In Tasks, like in threads, there isn’t a strong wall between them, so things are shared on a much more ad hoc manner, and defining ‘ownership’ really can be difficult. It is quite possible for one task to create something and give it to another, and if the thing went away just because the first task died it would cause a lot of trouble. Mutexs are a bit special here, as when a task task it, it owns the mutex, but FreeRTOS doesn’t keep a central repository listing of all the mutexes currently in the system.

I find that, in general, in an enviroment like FreeRTOS, the ‘random’ aborting of a task is generally a bad idea, if something has gone wrong, you really need to reboot to fix things, as you have no idea what else might be in a ‘bad’ state.

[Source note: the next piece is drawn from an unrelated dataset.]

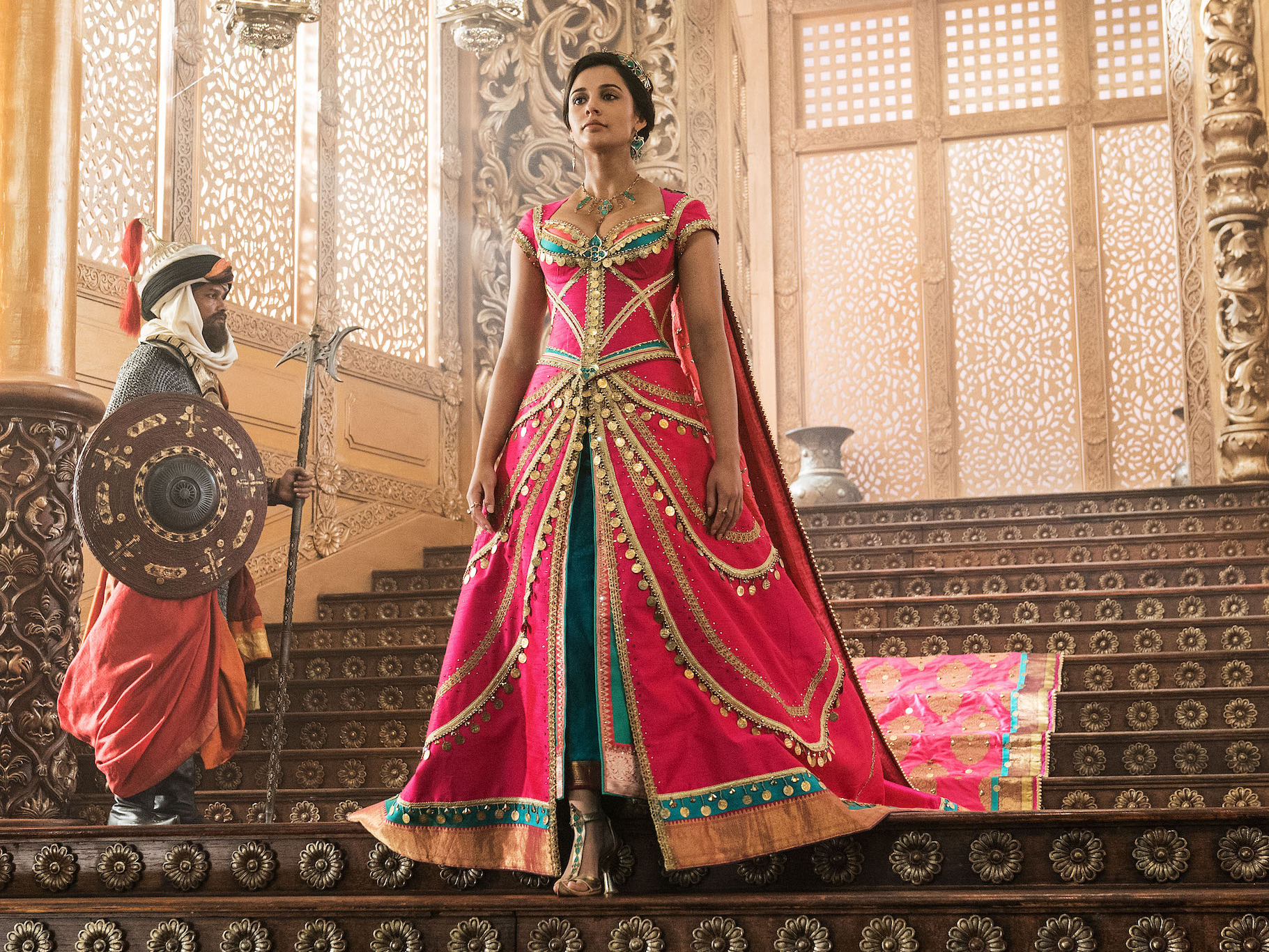 Disney продолжает переснимать классическую мультипликацию в виде игрового кино. Спустя несколько лет производства такого контента студия поняла, что покадровое воспроизведение старого мультфильма (как это было в «Красавице и чудовище») это всё же слишком. Поэтому в Аладдине и сюжет, и атмосфера не кардинально, но заметно изменены. Многие визуальные образы были переосмыслены, в том числе костюмы, например, самый известный наряд Жасмин — бирюзовые шаровары и топик. Но такие перемены разумны, ведь то, что естественно выглядит в рисованной анимации, может оказаться нелепым и неуместным в игровом кино с живыми актёрами.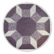 Pattern block in purple and white "spool" quilting pattern. Eight spools rotate around a centre of dark purple. A purple flower print is the "thread" on the spool, as well as the frame for each block.

herlien wrote on Thursday, August 18, 2016:

Thank you Richard. I don’t disagree with anything you said. I do have a bit of a problem with one particular implementation decision in FreeRTOS. I believe (and I wrote my original post partially to get confirmation, as I can’t be sure) that somewhere in the software stack executed with xSemaphoreGive(), it uses an assertion to ensure that the caller actually owns the mutex. Given your statements about fluid ownership, I would prefer the OS to simply allow the mutex give to take place. But as I said, I may be misinterpreting what’s happening under the hood.

I also agree that killing a task is generally a bad idea. But when something of this nature occurs, it may be desireable to salvage whatever you can of the deployment (i.e. try to accomplish the scientific goals), and then recover the equipment for post mortem and further testing. Especially since ship time typically costs on the order of $30K/day, with a day each required for deployment and recovery.

tlafleur wrote on Thursday, August 18, 2016:

Hi Bob… It been a long time from the Kildall-DRI-CP/M days…
I’v been using FreeRTOS for over 10 years now in my projects…

tom [at] lafleur (dot) us

richard_damon wrote on Friday, August 19, 2016:

Mutexes check that the giver is the same task as which took the Mutex. The issue with trying to automatically give any Mutex that was taken is that FreeRTOS has not list of Mutexes to check to see if the task has a hold on any Mutex. My understanding is that there are technical reasons relating to possible priority inheritance that make this needed (the task holding the mutex might have had its priority raised if a higher priority task is waiting on the mutex.)